Find the line with "Coronal section of" in the data below. Repeat it and every line after it up to the end, exactly, but drop the pictures.

> INFORMATION:
★ ★ ★ ★ ★ ★ ★
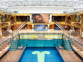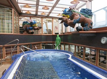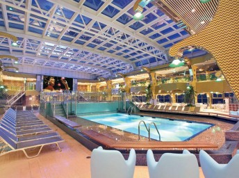 - otevřený bazén na horní palubě, 1 bazén s posuvnou prosklenou střechou, bazén pro děti s vodním miniparkem
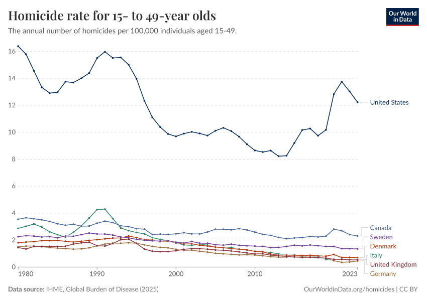 “Data Page: Homicide rate for 15- to 49-year olds”, part of the following publication: Esteban Ortiz-Ospina and Max Roser (2016) - “Global Health”. Data adapted from IHME, Global Burden of Disease. Retrieved from https://refactor-hide-legend.owid.pages.dev/grapher/homicide-rate-in-15--to-49-year-olds [online resource]How to cite this data
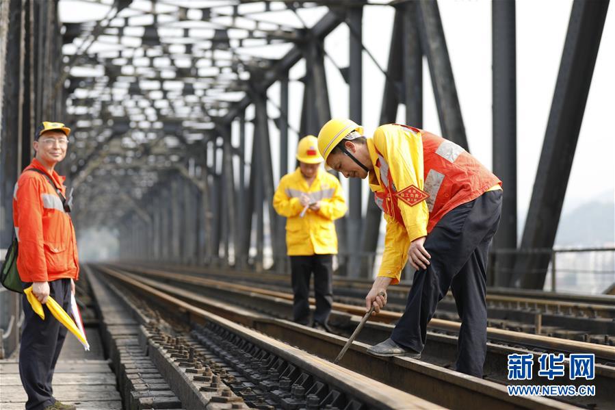 中國(guó)鐵路成都局有限公司重慶工務(wù)段的巡檢班組在白沙沱長(zhǎng)江大橋上進(jìn)行巡檢作業(yè)(4月23日攝)。 4月23日下午5點(diǎn)40分,隨著重慶白沙沱長(zhǎng)江大橋通行的最后一列客運(yùn)列車順利通過(guò),這座“服役”了59年的重慶首座長(zhǎng)江大橋進(jìn)入“退役”倒計(jì)時(shí)。4月24日后,所有列車將改線經(jīng)距白沙沱長(zhǎng)江大橋約100米的新白沙沱長(zhǎng)江特大橋通行,新橋“接力”老橋,運(yùn)輸能力將得到大幅提升。 白沙沱長(zhǎng)江大橋于1958年開工,1960年通過(guò)首趟列車,是繼武漢長(zhǎng)江大橋之后的第二座長(zhǎng)江大橋。 新華社記者 劉潺 攝
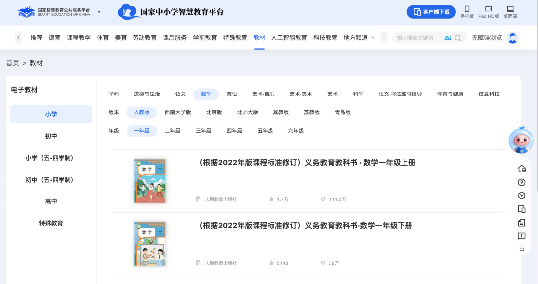 在 国家中小学智慧教育平台( https://basic.smartedu.cn/tchMaterial )注册登录后,可以在线查看国内中小学的各科多版本的电子教材,但网站内并未提供下载方式:
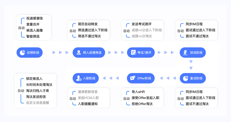 在不同的招聘流程节点设置触发规则,实现招聘环节自动进入下一阶段,自动推进招聘流程,免去HR一遍遍与用人部门的沟通催促工作,直接借助系统在线沟通,有效节省HR的时间成本。
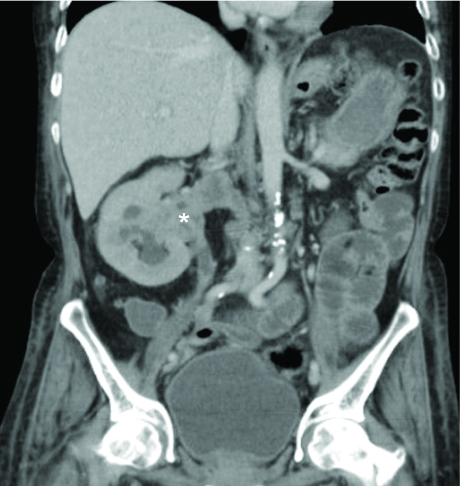 Coronal section of contrast enhanced computed tomography (CECT) of the abdomen showing a heterogeneously hypo-enhancing soft tissue lesion at the pelvis of right kidney (*) extending into the right ureter, calyces, right renal vein and inferior vena cava.
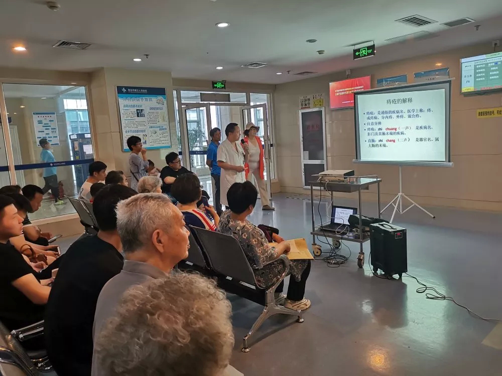 为加强健康教育,进一步向广大市民宣传健康知识,市第三人民医院肛肠科张增强主任医师,于2019年6月24日早晨7:40分在外科门诊候诊区进行《痔疮的常见症状及防治》科普讲座。张主任运用图文并茂的PPT课件为外科候诊病人及家属生动地讲解了有关痔疮的知识,讲解的内容主要有:什么是痔疮、痔疮的分类、痔疮的常见症状有哪些、痔疮与直肠癌的鉴别、生活中如何预防痔疮、得了痔疮如何治疗等相关知识。使候诊病人及家属获益匪浅。
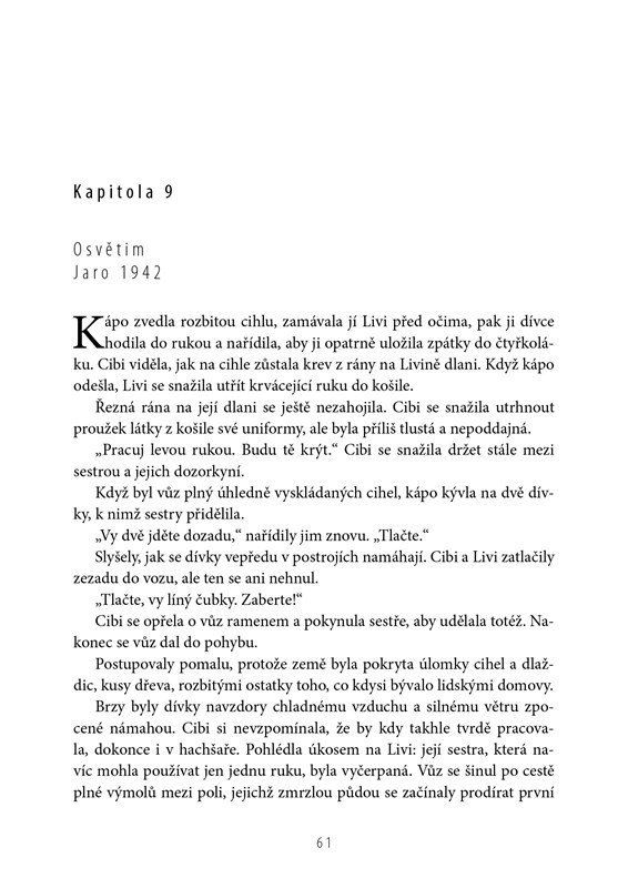 Heather Morrisová to znovu dokázala. Použila zkušenosti tří sester ze Slovenska, které přežily Osvětim, a podělila se s námi o jimi prožité hrůzy i radosti. Autorčiny živé popisy s citáty, časy, daty a místy jsou pozoruhodné. Jde o nepředstavitelný příběh, který bylo nutné vyprávět. Jsem moc ráda, že to udělala. Vy budete také.
★ ★ ★ ★ ★ ★ ★
> TASK RESULT:
 Coronal section of contrast enhanced computed tomography (CECT) of the abdomen showing a heterogeneously hypo-enhancing soft tissue lesion at the pelvis of right kidney (*) extending into the right ureter, calyces, right renal vein and inferior vena cava.
 为加强健康教育,进一步向广大市民宣传健康知识,市第三人民医院肛肠科张增强主任医师,于2019年6月24日早晨7:40分在外科门诊候诊区进行《痔疮的常见症状及防治》科普讲座。张主任运用图文并茂的PPT课件为外科候诊病人及家属生动地讲解了有关痔疮的知识,讲解的内容主要有:什么是痔疮、痔疮的分类、痔疮的常见症状有哪些、痔疮与直肠癌的鉴别、生活中如何预防痔疮、得了痔疮如何治疗等相关知识。使候诊病人及家属获益匪浅。
 Heather Morrisová to znovu dokázala. Použila zkušenosti tří sester ze Slovenska, které přežily Osvětim, a podělila se s námi o jimi prožité hrůzy i radosti. Autorčiny živé popisy s citáty, časy, daty a místy jsou pozoruhodné. Jde o nepředstavitelný příběh, který bylo nutné vyprávět. Jsem moc ráda, že to udělala. Vy budete také.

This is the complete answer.